You're going to be overloading the rear axle in a heartbeat attempting to do this. The mid point of the spreader is going to be either at the center of the axle or behind it, changing the fulcrum to rear of the axle taking the weight off the front axle and causing lots of safety issues from steering to braking.

By the right tool for the job. You don't buy a trimmer to mow lawns, so don't buy a spreader for a 1/2 ton that won't be safe and legal. Well, most of us don't buy trimmers for mowing entire lawns. 

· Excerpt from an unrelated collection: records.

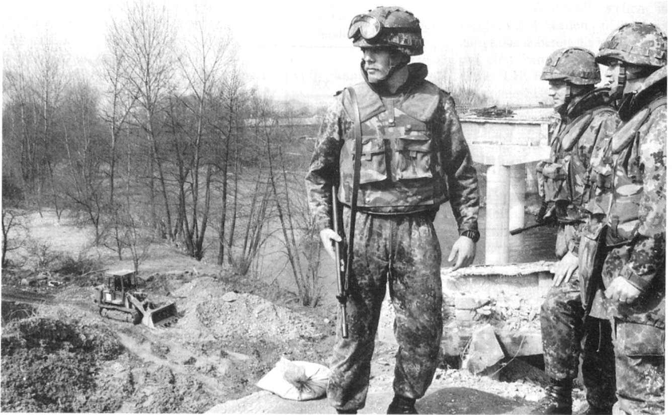
Soldaten des Pionierbataillons GECONIFOR (L) reparieren die schwer beschädigte Brücke über die Bosna bei der Ortschaft Visoko, welche rund 20 km nordwestlich von Sarajewo liegt. Im Bild: Pioniere auf der Auffahrt zur Brücke. Im Hintergrund die zerstörte Brücke.

panzer LEOPARD 2 verzichtet, da man Provokationen und Skatationen unbedingt vermeiden möchte. So musste ein Teil der Panzerbesatzungen des Panzeraufklärungsbataillons 12 extra auf den leichten Radpanzer LUCHS umgeschult werden.
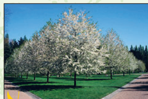
Merisier à fleurs blanches doubles ④ Intérêt : général
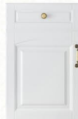
门型：GD-904 编号：CMA-503 暖白麻面

Why don't you sub out your salting work until you can afford the right size truck? lol!!!!!!!!


----------



## THEGOLDPRO (Jun 18, 2006)

i loaded a pallet of mulch into my 99 ram 1500 one time, and it almost flatened out the leaf springs, lol not too too sure what a full pallet of mulch weights id imagine around 1000pds maybe a bit more, so i cant imagine ever putting a snader, with 2 yars of sand/salt on a half ton.


----------



## BobC (Nov 5, 2004)

If you were in my area I would do the salt for you. There always is idle time between pre-salting and time to start plowing. I'm sure you could make arrangements in your area with someone.


----------



## LLM Ann Arbor (Sep 18, 2006)

Yeah....I know its over loaded and thanks for saying even a 3/4 ton would be TS. Thats what I figured as well even though I se a lot of 3/4 ton trucks with 2 yard spreaders in them.

Maybe they have a suspention mod...I dont know but Ive overloaded a 3/4 ton before with cobble. Load weighed more than the truck overload...lol I only had to go a mile with it.

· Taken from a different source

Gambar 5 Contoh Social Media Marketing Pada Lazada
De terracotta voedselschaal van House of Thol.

Oomkes....I dont have a salt route....Im getting very concerned about generating extra income because it hardly snowed here last year and this year is looking like it might be a washout too. Id like to sub my services out like Turfscape did.

At this point I wouldn't bet a nickle we will have aremoval even this month, or much at all that we will have a removal this season.


----------



## Mark Oomkes (Dec 10, 2000)

LLM Ann Arbor;331617 said:


> Oomkes....I dont have a salt route....Im getting very concerned about generating extra income because it hardly snowed here last year and this year is looking like it might be a washout too. Id like to sub my services out like Turfscape did.


You could always try seasonal contracts. lolololololololololololol!!!!!!!!!!!!!!!!!!!!!!!!!!!!!!!!!!!!!!!!!!!!!!!!


----------



## LLM Ann Arbor (Sep 18, 2006)

Man you really need mental help.

Im sure you're making your SIMA brothers proud.


----------



## Mark Oomkes (Dec 10, 2000)

Very nice Lamar, can't debate the facts with intelligence, so you start with the personal attacks again.


----------



## K&L Salting (Dec 2, 2005)

*v-box*

If you were in Indiana and the DOT caught you, they would impound your truck.


----------



## Mick (May 19, 2001)

I went up to the garage this morning and took another look at the 8' Vbox in a 6' bed. BUT - it's a F350. He just has the corners strapped down but not bolted. Two feet of sander and the motor are hanging over the bumper.


----------



## murray83 (Dec 3, 2005)

Hmmmm weight wise with sand may be an issue.

Most 8' sanders are 2 yards no? so thats 6000 pounds since a yard of sand is 3000 pounds (dry) as average plus the weight of the sander itself.Now if my brain serves me right 3000 pounds is 1.5 tons so a half ton might be a bit undersized.

I know you hate to hear it but might you be able to search out a good used one ton to dedicate as a plow/sander unit?

Anyways good luck


----------



## Detroitdan (Aug 15, 2005)

Here we go again- 
Depending on the vehicle, your cargo capacity for a half ton is really only about 1900#. Do people exceed this? Of course. Do the manufacturers seem to be inflating these numbers to sell trucks? I think so. Ford is now advertising a 5900# payload for a DRW F350. Yeah right. An 8 foot v-box could be either 1.6, 1.8 or 2 yard capacity, right? A yard of wet sloppy mix is about 3000#. 1/2 ton trucks are rated lower for a reason: they do not have floating axles, which means when you overstress the little axle it came with, or break the C-clip, there goes a wheel. The springs are lighter and narrower, even if you add leaves or air bags it doesn't help. You may level the truck, but you really aren't taking any weight off the rearend. Even the wheel studs are smaller (and fewer) because they aren't meant to carry much weight. Most importantly, the braking system for a half-ton was designed to work within it's parameters, overloading it will not only cause very poor braking (and we're talking about winter conditions,too), it will cause various brake system components to fail prematurely. If you don't care about your truck, at least care about the innocent people driving on the same road that you are. I know this sounds like a nasty gripe, and I'm speaking generally and not targeting the OP or anyone else. Just venting.


----------



## Tscape (Jan 19, 2004)

Here is the truck you want. With my $600 sander and offering $1700 for the truck, you'd have a $2500 sanding rig.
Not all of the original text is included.